Schema Evolution

Schema Evolution is an important aspect of data management. Similar to how APIs evolve and need to be compatible with all applications that rely on older or newer API versions, schemas also evolve, and likewise need to be compatible with all applications that rely on older or newer schema versions.

Problem

How can I restructure or add new information to an event, ideally in a way that ensures Schema Compatibility?

Solution

schema-evolution

One approach in evolving a schema is to evolve the schema "in place" (as illustrated above). In this approach, a stream can contain events that use new and previous schema versions. The schema compatibility checks then ensure that Event Processing Applications and Event Sinks can read schemas in both formats.

schema-evolution

Another approach is to perform dual schema upgrades, also known as creating versioned streams (illustrated above). This approach is especially useful when you need to introduce breaking changes into a stream's schema(s) and the new schema will be incompatible with the previous schema. Here, Event Sources write to two streams:

  1. One stream that uses the previous schema version, such as payments-v1.
  2. Another stream that uses the new schema version, such as payments-v2.

Event Processing Applications and Event Sinks then each consume from the stream that uses the schema version with which they are compatible. After upgrading all consumers to the new schema version, you can retire the stream that uses the old schema version.

Implementation

For "in-place" schema evolution, an Event Stream has multiple versions of the same schema, and the different versions are compatible with each other. For example, if a field is removed, then a consumer that was developed to process events without this field will be able to process events that were written with the old schema and contain the field; the consumer will simply ignore that field. In this case, if the original schema was as follows:

{"namespace": "io.confluent.examples.client",
 "type": "record",
 "name": "Event",
 "fields": [
     {"name": "field1", "type": "boolean", "default": true},
     {"name": "field2", "type": "string"}
 ]
}

Then we could modify the schema to omit field2, as shown below, and the event stream would then have a mix of both schema types. If new consumers process events written with the old schema, these consumers would ignore field2.

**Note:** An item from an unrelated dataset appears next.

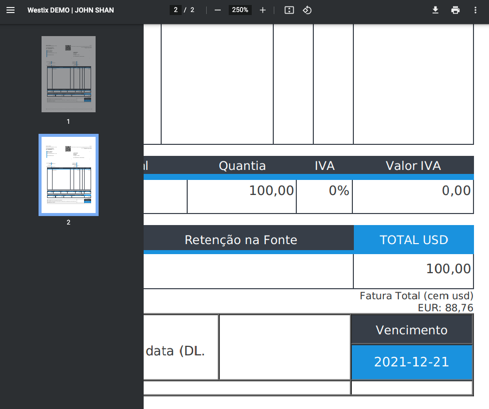 Para emitir uma fatura em USD, proceder como se mostra nos passos seguintes, por exemplo.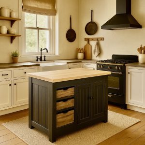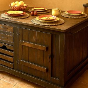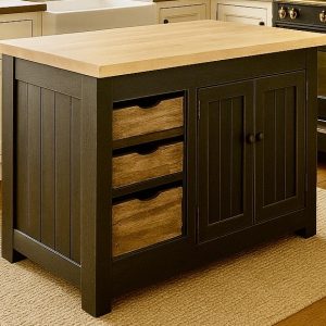Kitchen island designs, custom kitchen cabinets. This is a very beautiful and useful Farmhouse Industrial Kitchen Island with handy Roll out trash container. This one was built as a custom order for a client but we can build one for you. Its dimensions are 60″ x 24″ x 36″ tall. It has a 9″ overhanging eating bar which will accommodate three bar stools. We can build one for you any size, any color, with or without the industrial wheels. Contact us today to discuss cabinet configuration that works for you.

{"namespace": "io.confluent.examples.client",
 "type": "record",
 "name": "Event",
 "fields": [
     {"name": "field1", "type": "boolean", "default": true}
 ]
}

Dual schema upgrades involve breaking changes, so the processing flow needs to be more explicit: clients must only write to and read from the Event Stream that corresponds to the schema that they can process. For example, an application that can process a v1 schema would read from one stream:

CREATE STREAM payments-v1 (transaction_id BIGINT, username VARCHAR)
    WITH (kafka_topic='payments-v1');

And an application that can process a v2 schema would read from another stream:

CREATE STREAM payments-v2 (transaction_id BIGINT, store_id VARCHAR)
    WITH (kafka_topic='payments-v2');

Considerations

Follow Schema Compatibility rules to determine which schema changes are compatible and which are breaking changes.

References

  • See also the Event Serializer pattern, in which we encode events so that they can be written to disk, transferred across the network, and generally preserved for future readers
  • See also the Schema-on-Read pattern, which enables the reader of events to determine which schema to apply to the Event that the reader is processing.
  • Schema evolution and compatibility covers backward compatibility, forward compatibility, and full compatibility.
  • Working with schemas covers how to create schemas, edit them, and compare versions.
  • The Schema Registry Maven Plugin allows you to test for schema compatibility during the development cycle.